Tonight you fall asleep with your head on my belly.  It's not often at this age I get to feel your warm head on my body the way it was so often when you were a baby.  But you took a late nap yesterday and couldn't fall asleep until almost 11 pm.  As a result, you were so tired today and all I had to do was sit beside you on your bed for a minute.  You come and lay on me looking straight into my eyes, also the way a newborn does, and you never do anymore when you're more awake.  "Audrey, look at me," I am always having to tell you now.  But I caress your hair and you look straight at me until your eyes close tonight.  I am programmed to think, "Yes, this is my time!" and cautiously place you back on your bed and head out.

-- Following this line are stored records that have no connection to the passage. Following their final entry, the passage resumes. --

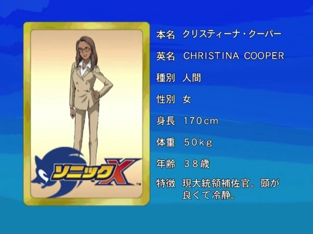 Это статья о персонаже из мультсериала «Соник Икс». Для секретаря президента из серии игр «Sonic the Hedgehog», см. Секретарь. Кристина Купер (англ. Christina Cooper, яп. クリスティーナ・クーパー — Курисутъи:на Куупа:) — персонаж из мультсериала «Соник Икс». В настоящее время она является советником президента, заменив Джерома Уайза после его увольнения.
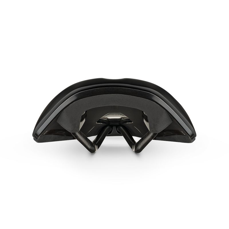 A saddle for endurance cycling, with a short-nosed design and generous ischial support that encourages stability, and extremely stiff carbon rails.
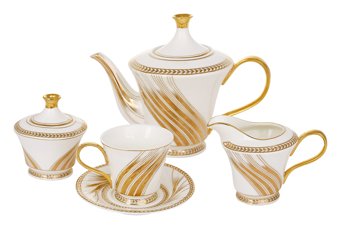 Порцеляновий набір: 6 чашок + 6 блюдець + молочник + цукорниця + чайник / Уцінка - потерте золото / RM9-823
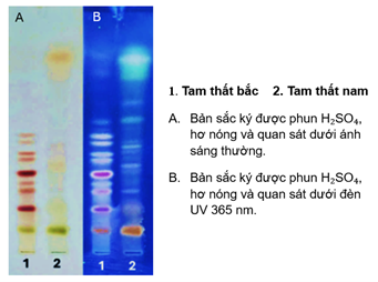 Sắc ký lớp mỏng là phương pháp phân tích thành phần hóa học, hiệu quả hơn so với soi kính hiển vi trong việc phân biệt bột Tam thất bắc và nam, đặc biệt là khi có nguy cơ bị trộn lẫn. Phương pháp này giúp phân tích thành phần hóa học, từ đó xác định chính xác loại dược liệu và độ tinh khiết của sản phẩm.
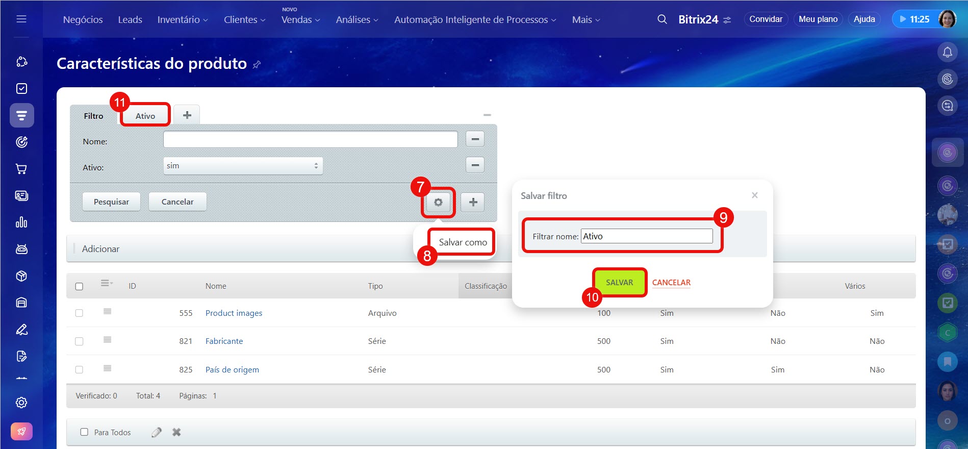 7–10. Salve o filtro para não precisar especificar os parâmetros de busca novamente a cada vez. Clique em Configurações (⚙️) > Salvar como, especifique o nome e clique em Salvar.
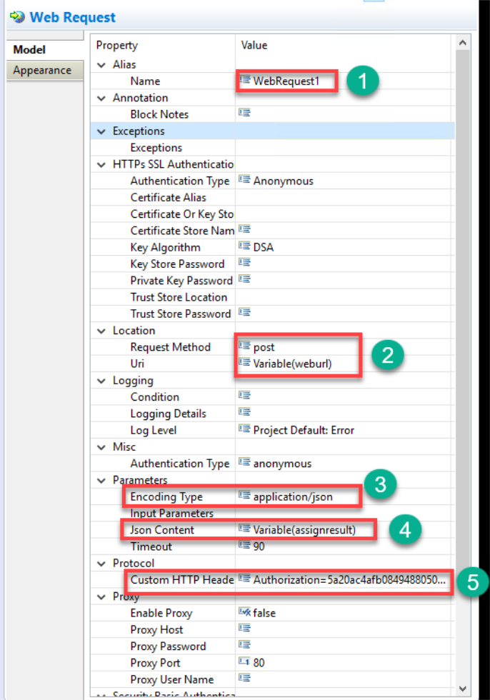 This block is used to invoke an HTTP request. The block in this example is configured as follows:
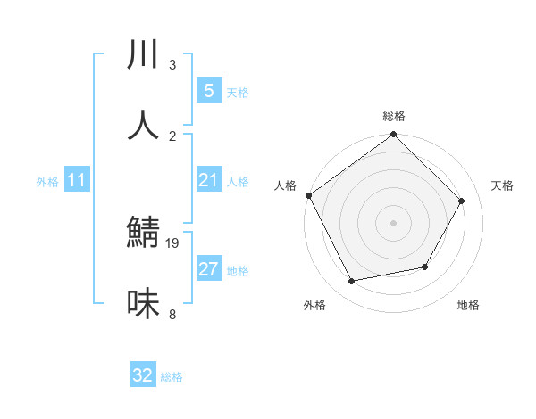 川人 鯖味さんの総格は32画の5点!
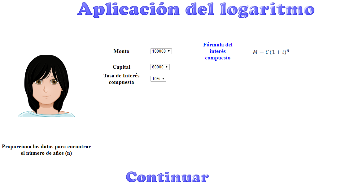 La página de inicio en la AEL solicita la información sobre el monto, el capital y la tasa de interés para iniciar el procedimiento sobre el uso del logaritmo en el campo de las matemáticas financieras (Ver Figura 1).
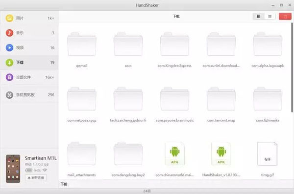 HandShaker官方版是由锤子科技(北京)有限公司研发的一款功能强大且好用的远程控制软件,也是连接手机和电脑之间的文件传输及管理工具,其不仅支持对手机外置SD卡中的文件进行管理,需要搭配电脑端使用,无需数据线,就可以远程无线连接,传输文件等,帮助用户更好的管理手机设备!同时,该软件的操作也很简单,用户只要将手机和电脑通过在同一wifi连接,就可以发挥它强大的功能,连接成功后随时管理手机中的各种文件,包括可删除和重命名图片、铃声、视频等操作,还支持传输多种文件格式,生成和下载,无需耗费手机流量,很轻松的就能够共享手机文件,非常方便!
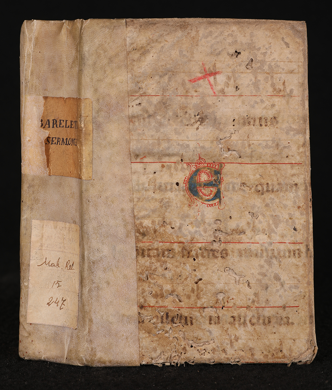 legatura rigida in pergamena di riuso su supporto in cartone. Pergamena di manoscritto musicale. Dorso rinforzato in pergamena. Tagli grezzi. Note manoscritte sui contropiatti; nota di possesso sul frontespizio
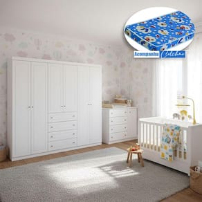 Quarto Infantil Mississipi 6 Portas Ambiente com Berço Tutto New Branco Fosco e Colchão Ortobom - Henn
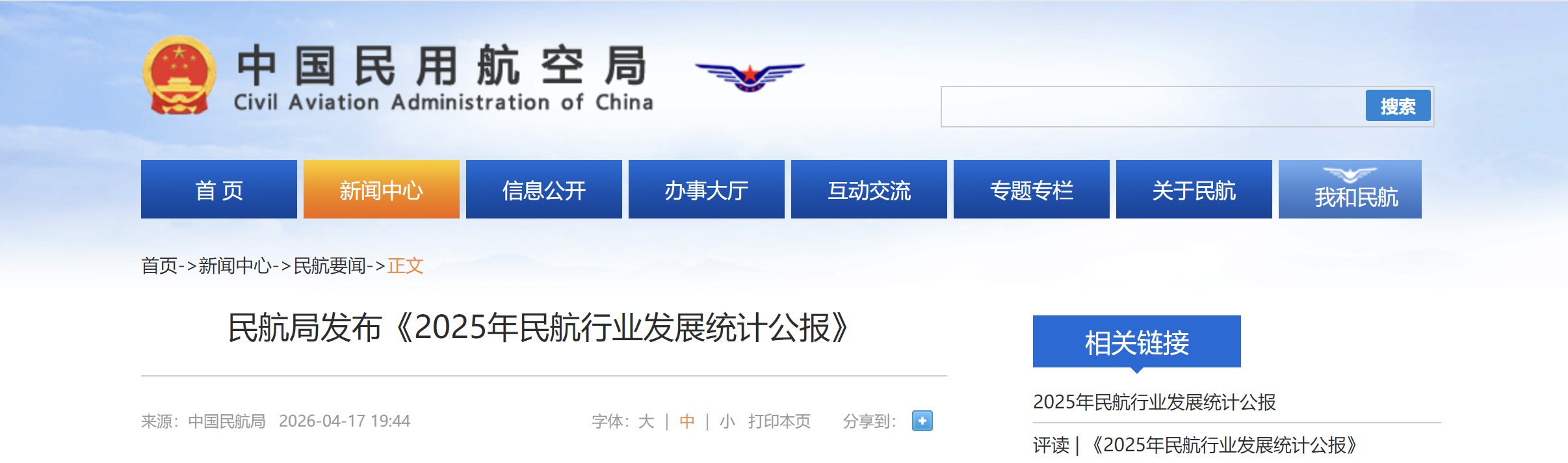 C114讯 4月20日消息(兰茜)近日,民航局发布发布《2025年民航行业发展统计公报》(以下简称《统计公报》),从运输航空、通用航空和低空经济、运输效率与经济效益、航空安全与服务质量、教育与科技创新等12个方面展现了2025年中国民航发展情况。
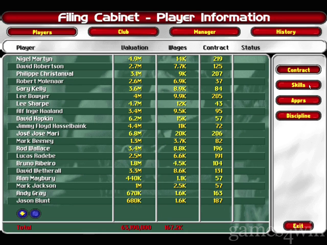You still have that weird skills-improving thing, where you spend 23 weeks getting someone from 66 up to 67 for passing, then they get bored and want to do something else. And since there are limits to a player's ratings according to the division he's in, this means there's no point in buying a lower-league player. At that rate of improvement you'd have them up to Premiership standard just in time to cremate them. You also have to wait about in the hope that a coach becomes available who can actually do what's needed for the team - which gives you the same regretful feelings of chronically wasted time that you get when you watch a Channel Five chat show.
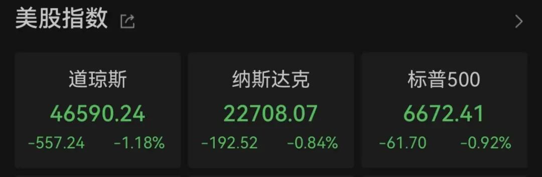 2025.11.18 本文字数:1444,阅读时长大约2分钟 作者 |第一财经 樊志菁 周一,华尔街主要股指走势承压。本周市场日程密集,既包括人工智能巨头英伟达的财报发布,也将迎 来9月非农等政府经济数据的恢复披露。 截至收盘,道琼斯工业平均指数下跌557.24点,跌幅1.18%,收于46590.24 点,纳斯达克综合指数跌 0.84%,收于22708.07点,标准普尔500指数跌0.92%,收于6672.41点,4月以来首次跌破50日均线重要 心理支撑,衡量市场波动性的芝加哥商业交易所Cboe恐慌指数VIX大涨12.97%,报22.39。 稍早收盘的欧洲三大股指同样走弱,泛欧斯托克600指数跌0.54%,德国DAX 30指数跌1.20%,法国 CAC 40指数跌0.64%。 明星科技股表现分化,谷歌涨3.1%,巴菲特旗下伯克希尔哈撒韦披露第三季度买入其股份。 纳斯达克中国金龙指数跌1.2%,阿里巴巴涨2.6%,其正式宣布 "千问"项目全力进军AI to C市场,当天 千问APP公测版上线,京东涨0.8%,拼多多跌1.5%,百度跌1.6%,网易跌1.7%。 随着美国历史上最长时间的政府停摆于上周正式结束,未来 ...
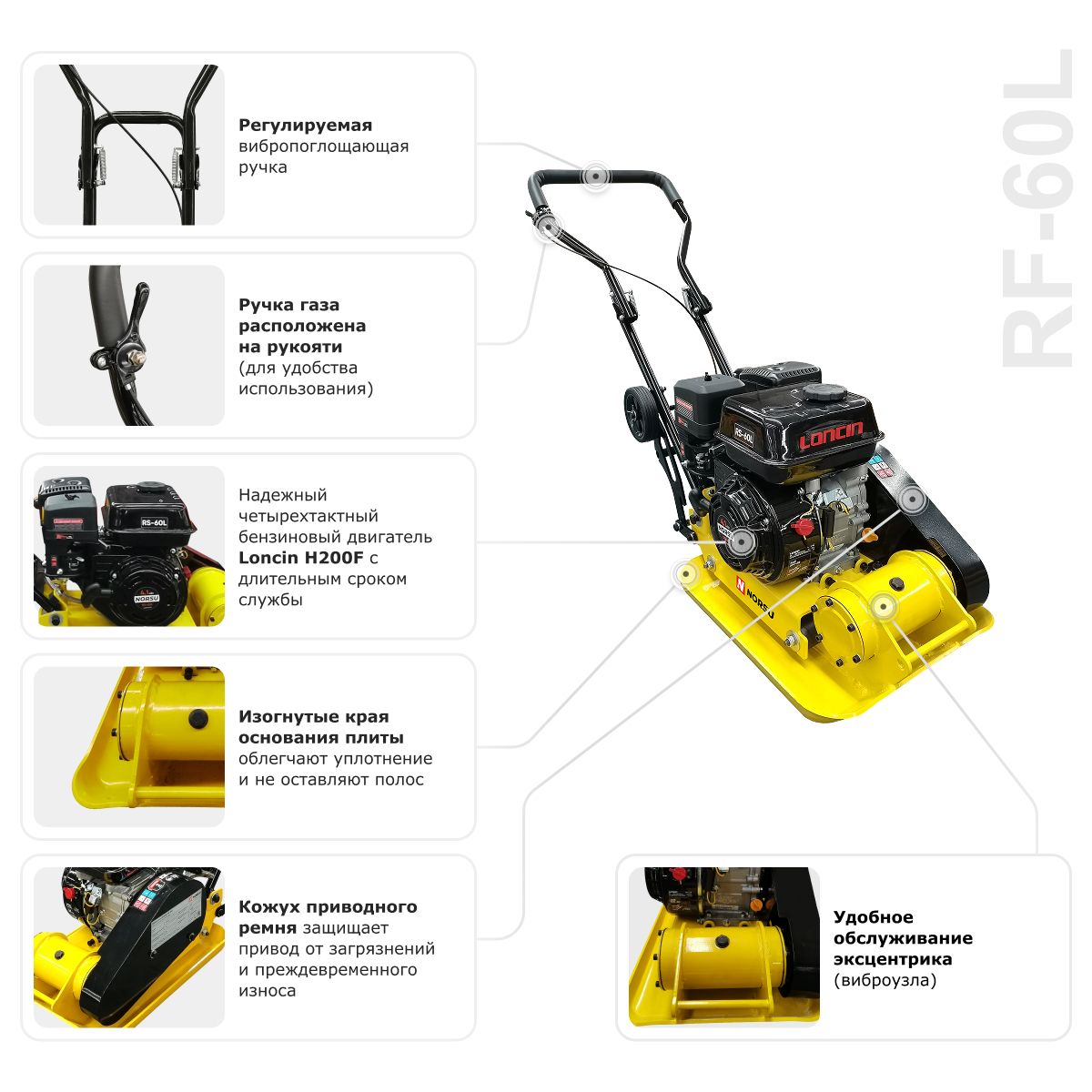 Прямоходная виброплита NORSU RF-60L — модель, отличающаяся эффективностью и высоким качеством исполнения. Объем топливного бака составляет 2.5 л. Основание плиты сварное, устойчивое к деформациям и износу. Допускается использовать RF-60L для укладки тротуарной плитки (для этих видов работ необходимо отдельно приобрести полиуретановый коврик).
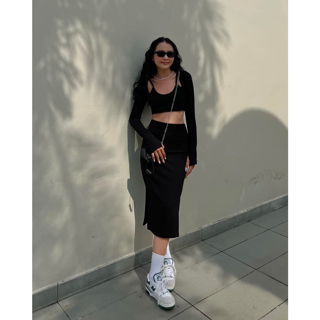 Black Top + Pencil Skirt Set Set gồm chân váy bút chì dài ôm tôn vòng 3 quyến rũ kết hợp với áo dài tay thiết kế lót trong kín kẽ. Chất thun co giãn dễ chịu lắm á mấy bà. Tách set phối lẻ được 800 kiểu luôn ó Size chart: Size S dưới 50kg Size M dưới 56kg HƯỚNG DẪN V
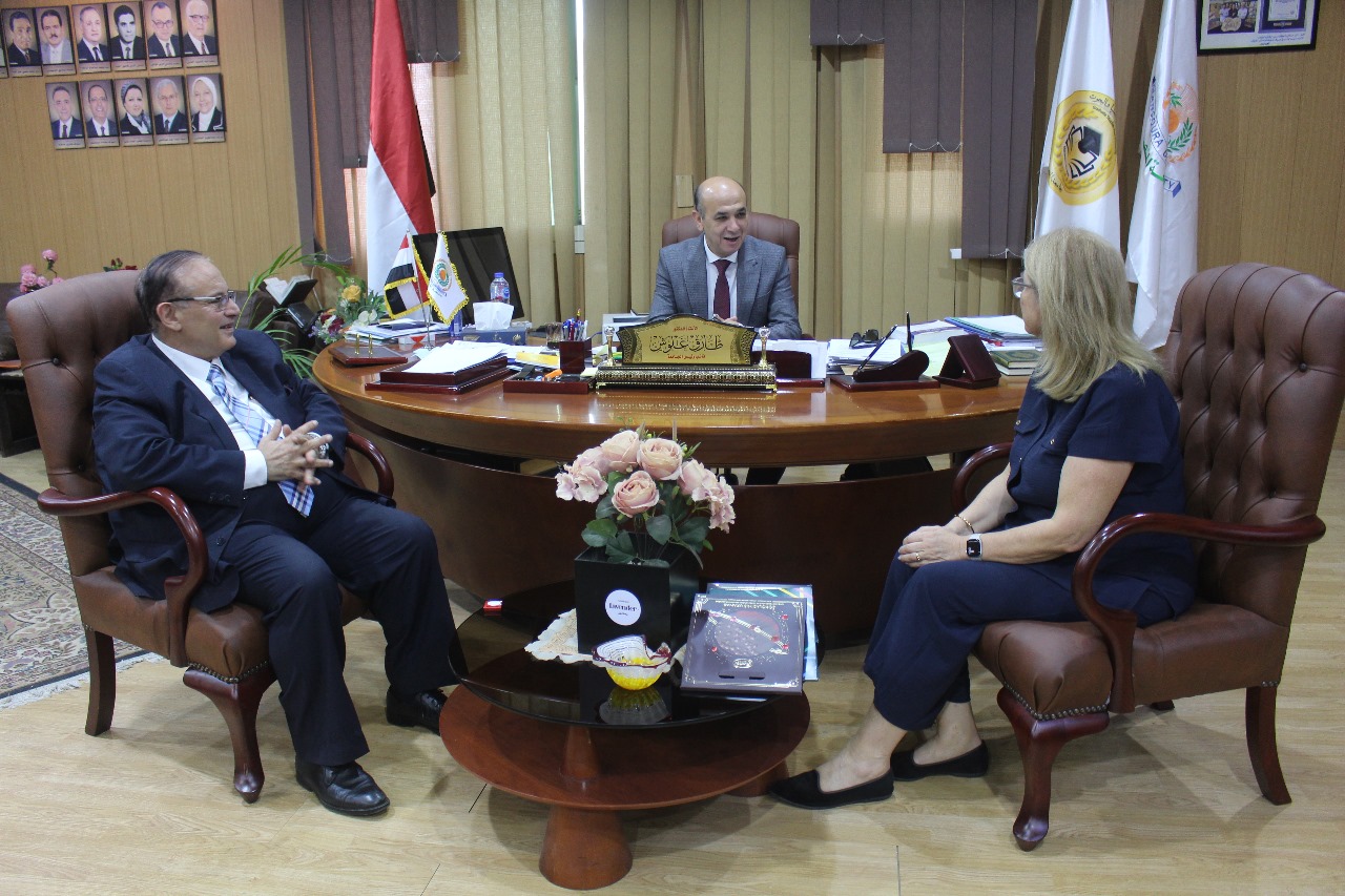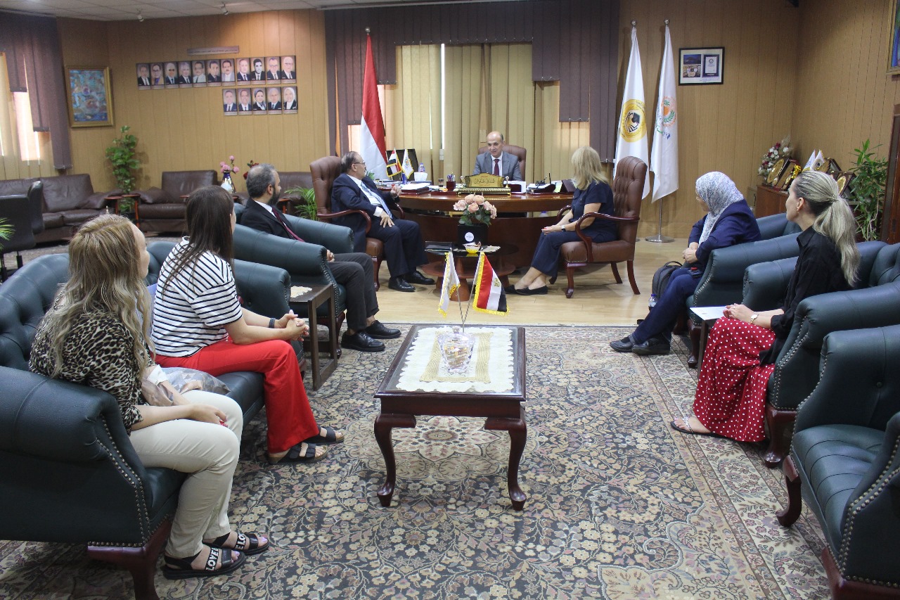 حيث رحب الأستاذ الدكتور/ طارق غلوش بالضيوف واستعرض الإمكانيات البحثية والخدمية التي يمكن لجامعة المنصورة تقديمها لتعميق الشراكة بين الجامعتين، خاصة في المجالات الطبية.

But I sit back and stare at you for a little longer.  I even put my fingers under your nose and feel your breath- the way we both did when you were an infant and we were constantly worried about SIDS.  This is the breath of life, I think.  And she is part of you Dan.  I think that more lately.  Sometimes when she hugs me really tightly, tears stream down my cheeks because I get more that she is part of you and you are part of her.  For some reason, I didn't get that before.  Maybe it was too much for me.  She was just Audrey.  But now I feel like you've truly left me a part of yourself.  Someone with your eyelashes and eyes, and skin and fingernails.  It is an awe-inspiring thought when I really get this.  Miraculous.  She is, I think, like a snow globe of our life and love.  There we are in miniature floating around, encased though, so I just can't touch us.  But she is also so much more than that.